[ingo] RFC: how to support custom sieve filters

Ivan Sergio Borgonovo mail at webthatworks.it
Fri Aug 29 20:43:55 UTC 2014


On 08/29/2014 07:36 PM, Jan Schneider wrote:

>>> This is not a bug, but the consequence of Ingo not being a Sieve
>>> frontend, but an abstract filter frontend for different filter backends.
>>> It *must* store rules and states locally, and it won't work with any
>>> external provided scripts or changes.

>> Let's say it is a very scary feature then ;)

> Why? It's non-destructive.

It is very annoying at least if the only thing you have is web access.
And many times people are using a webmail clients because they just have
web connectivity or they just have a browser as a tool.

>> I'm aware that supporting many filter backends with a consistent
>> frontend isn't an easy task.
>> I'm wondering what is the use case.

> Not having to develop different frontends for different scripting
> backends. And being able to switch between filter backends without
> losing rules.

I perfectly understand this as a developer, I understand it less as a
user... but I may not be a representative user.
Do people really switch more than one time in a single job place their
filter backend?

>> What's missing is the ability to manage (activate/deactivate) more than
>> one script. This has no relationship with what ingo store in the DB and
>> doesn't require ingo parse back what it finds in an alien script.

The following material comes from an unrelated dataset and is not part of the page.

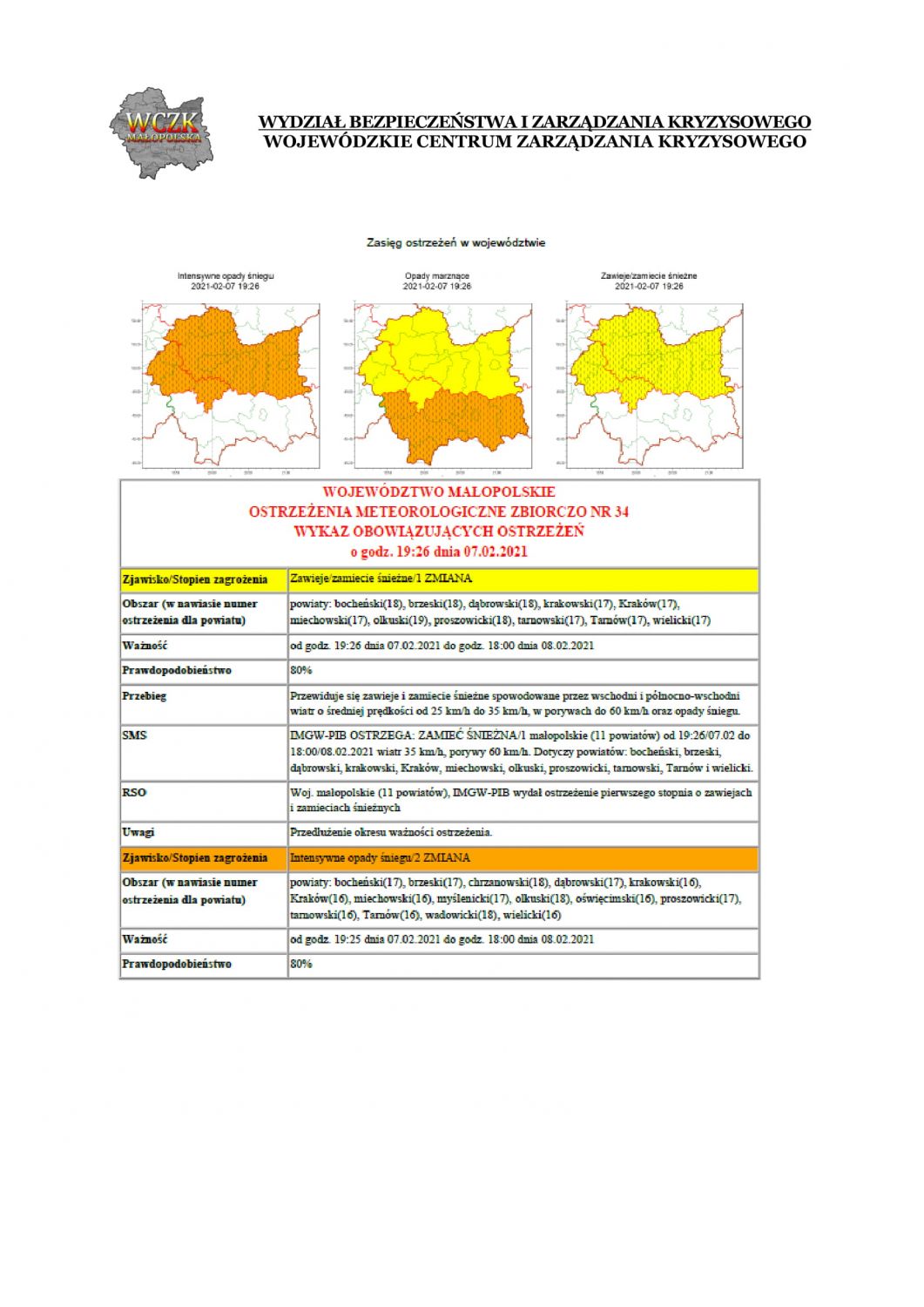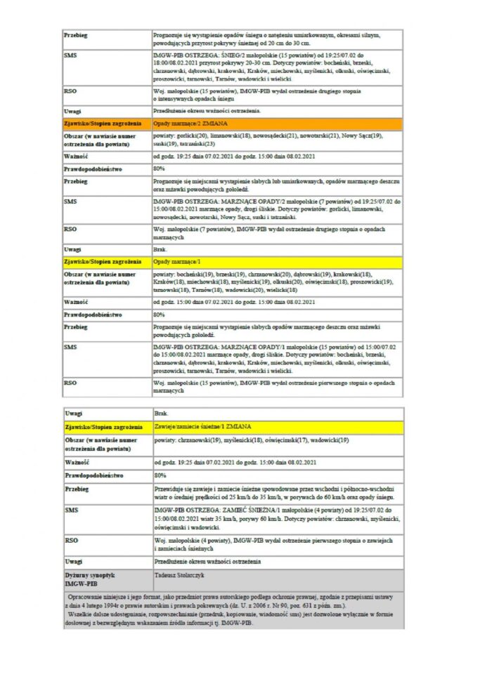 Ostrzeżenie meteorologiczne Nr 34/2021

>> If you just have web access and you unfortunately touch ANYTHING in ingo
>> filter interface you may end up deactivating a perfectly working filter
>> without any chance to activate it back.

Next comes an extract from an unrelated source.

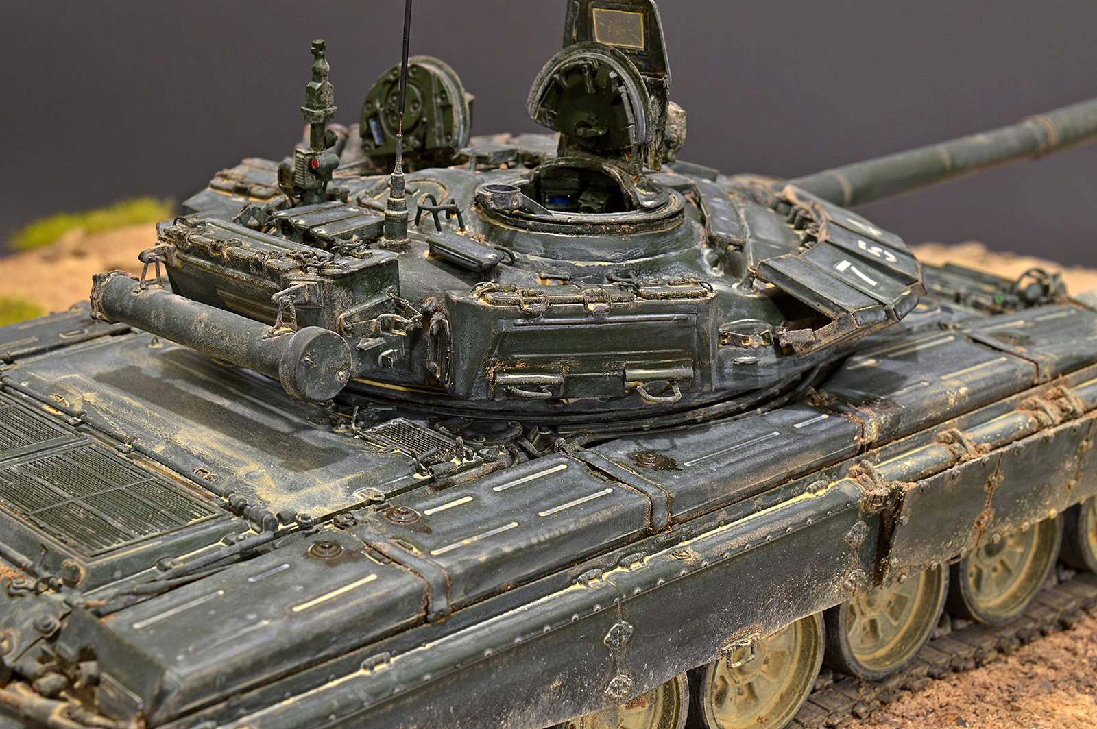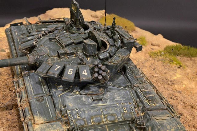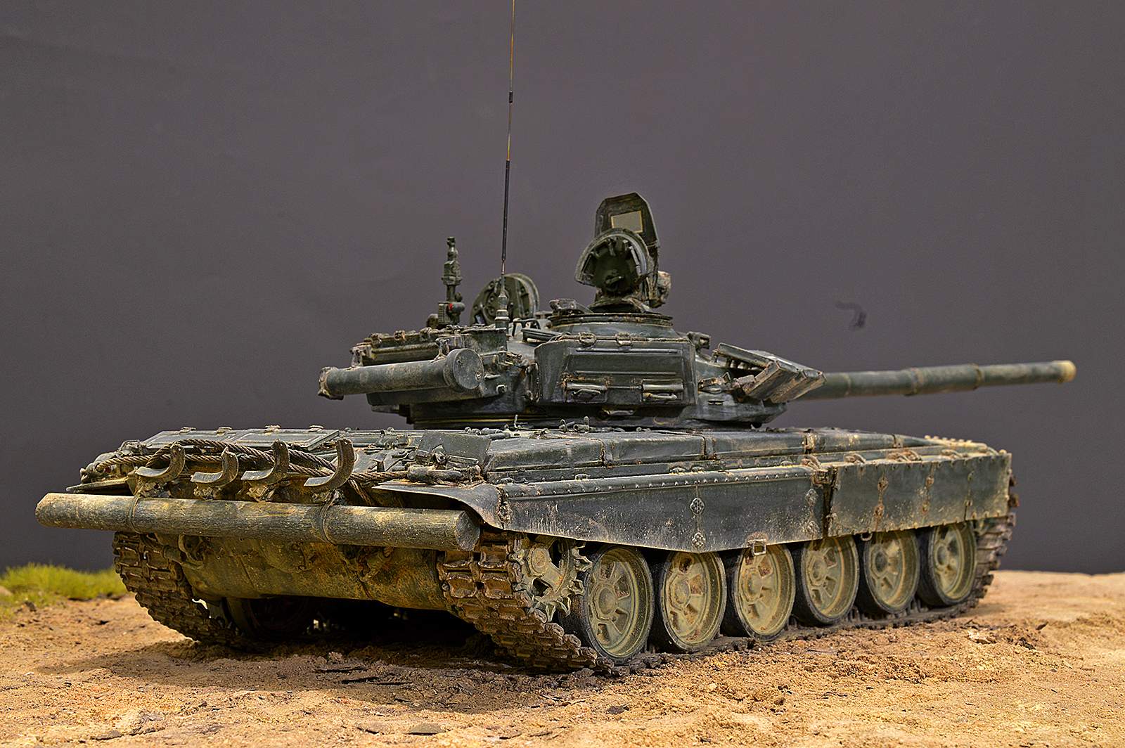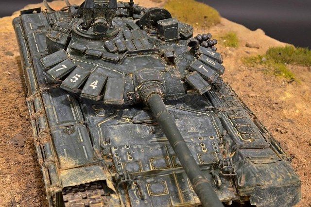 Вот я и дошёл до самой современной современности, однако… Представляю вашему вниманию модель современного Российского танка Т-72Б3 в Сирии. В плане есть задумка на небольшую нетривиальную композицию. Модель сделана очень пыльной и довольно грязной, без ржавчины и прочих затёков. Всё, как на войне. Такой обгадинг мне не нравится, да и многим моделистам, но в реальной жизни бывает и ужаснее. Бронещиток командира танка можно было бы не делать. На фотографиях танков в Сирии их практически нет.

> I'd say it's not too much asked from a user to either use Ingo or create
> and manage their sieve scripts manually.

I still have to think about it but I think it may be trivial to mix. You
write an ingo script, don't activate it and you include it in a
handwritten script. If you're writing your handwritten script I think
you'd know how include works.
I think the interface for whitelisting/blacklisting would be comfortable
even for people that write their own rules.

> You can already use sieve includes in you manually created scripts and
> include the script generated by Ingo.

OK, so it seems that the only missing piece is... managing sieve scripts
otherwise there is no clear way how to switch from ingo filter to your
handwritten one but later you said that ingo was not meant to be a
managesieve interface.

>> So let be more concrete and let me know what's against the project
>> policy.
>>
>> I'll turn the "Script" link into a "Scripts" link.
>> There you'll see a list of scripts you could View, Activate and Edit.
>> If you edit the ingo script (accordingly to what is set in the
>> backends.local.php) you'll be redirected to the GUI. If you Edit another
>> filter you get redirected to a TEXTAREA.

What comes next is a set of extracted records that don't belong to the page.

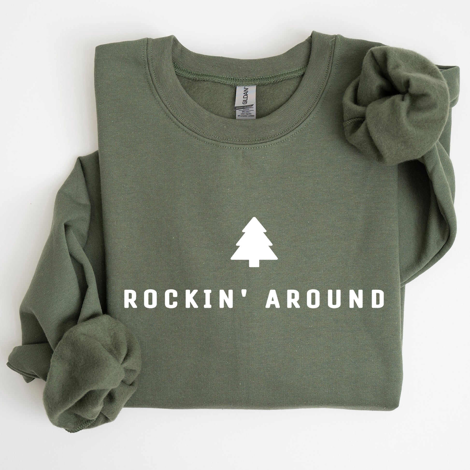 Rockin Around, Minimalist, Christmas, Winter, Santa, Xmas Sweatshirt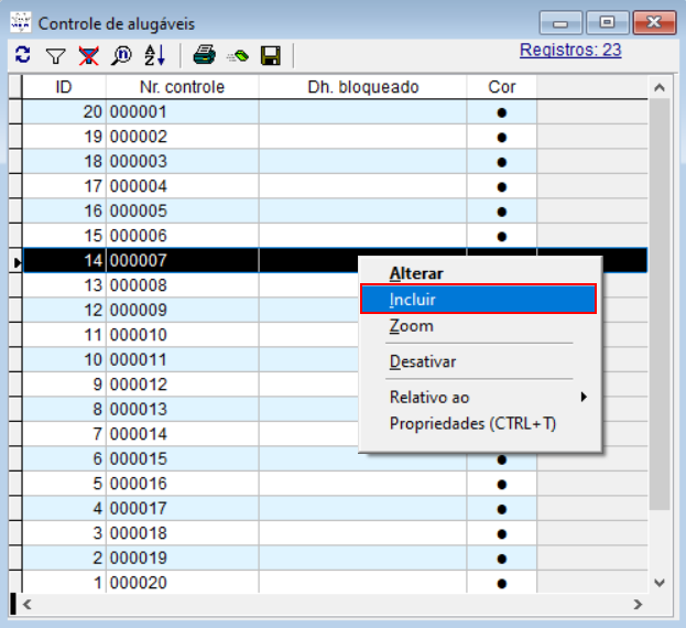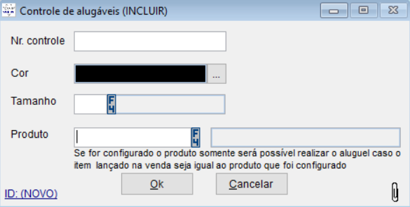 Nr. Controle → Número de controle do alugável que será utilizado no Vixen PDV.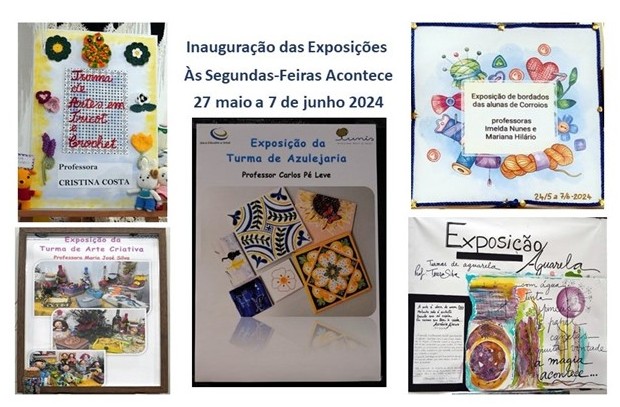 Inaugurações das Exposições " Bordados e Bainhas Abertas", “Pintura a Aguarela”, “Azulejaria”, “Arte Criativa “e “Artes com Tricot e Crochet” em 27/5/2024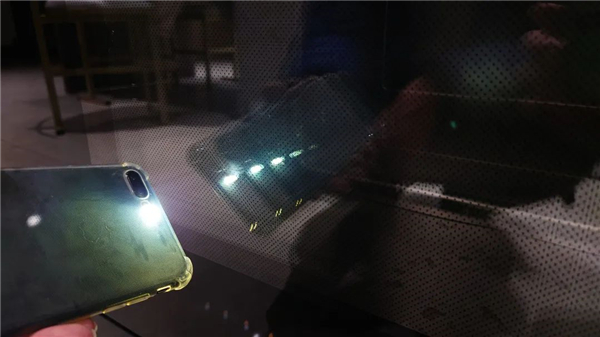 蒸烤箱门体的玻璃层数决定其隔热效果的优劣,向玻璃门投射光源,蒸烤箱出现了3个反射光点,证明H6ZK-1使用了3层玻璃面板,是目前市面上最优的配置。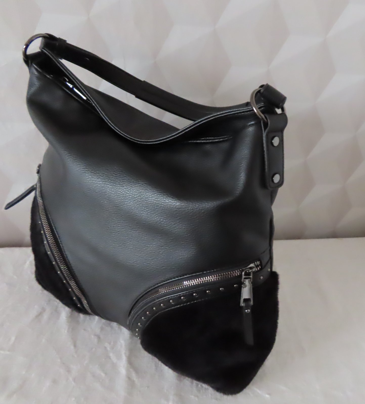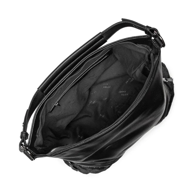 Dámska kabelka čierna, Jenny Fairy, kombinácia kvalitnej koženky a jemnej kožušinky.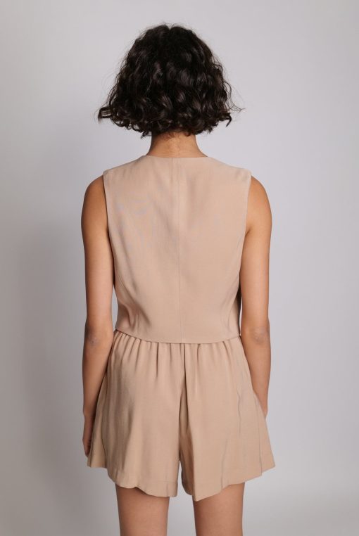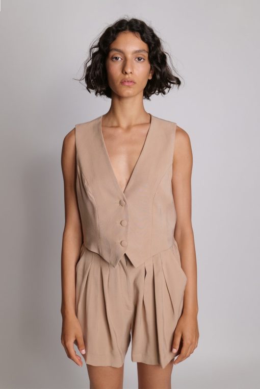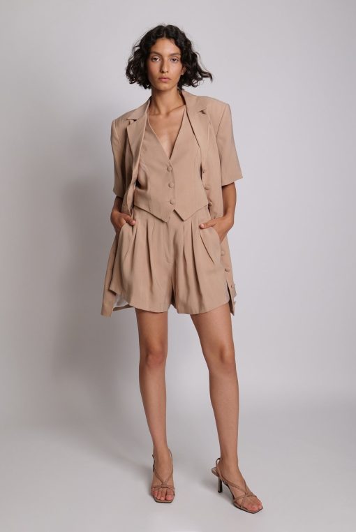 Diagonal viscose high-waist pleated shorts with side pockets. Featuring an elastic waist with gathering details. Front zip fly and covered buttons.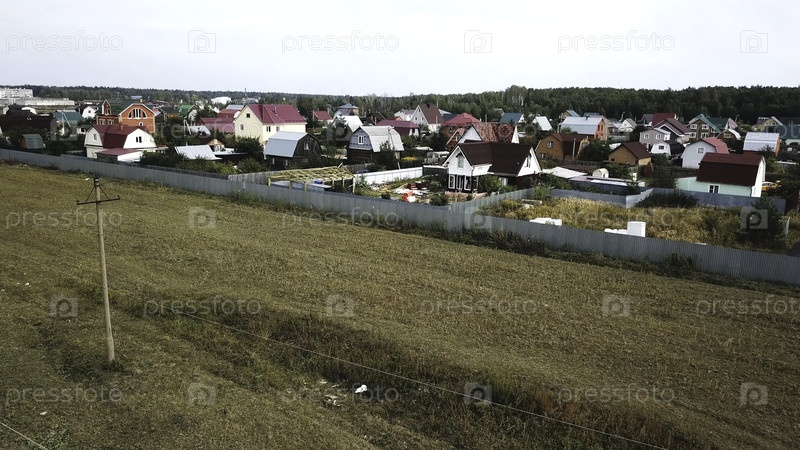 Вид с воздуха на коттеджную деревню возле пустого поля для будущего здания в конце лета против голубого облачного неба

> Yes, this is how it should work if it is ever going to be implemented.

That's why I'm writing here. I'm asking if this is the way you'll accept
it to see if it is worth to dig further in the existing code and find
some time to try to implement it.

>> I can see in how many ways this is going to break the "common interface
>> for all backends". Among all this would require turning on explicitly
>> even ingo generated filter.

> No, why, the default use case would still be the same. Beside that, you
> can already configure now if script changes should automatically or
> manually be uploaded.

I did miss this. Where? Is it a global/administrative setting or a per
user setting?

>> But this is the less intrusive way I could think of. If ingo is not
>> going to support the idea of "managing" more than one script you'll have
>> to introduce a much harder to understand and manage concept to switch
>> from a hand written script to an ingo generated one: overwrite my
>> handwritten script.
>>
>> Still I think that the chance of deactivating a perfectly running sieve
>> script without any way to activate it back is pretty scary and have to
>> be solved some way. I don't think this can be solved without introducing
>> at least for the sieve filter frontend the concept of multiple scripts.

> Don't let users use Ingo, if they already use some other tool to manage
> their scripts.

And the only obstacle is having something from where you can select
which script you want to activate?
If adding this feature is OK it seems that everything else could be
built without any substantial change in other backends UI.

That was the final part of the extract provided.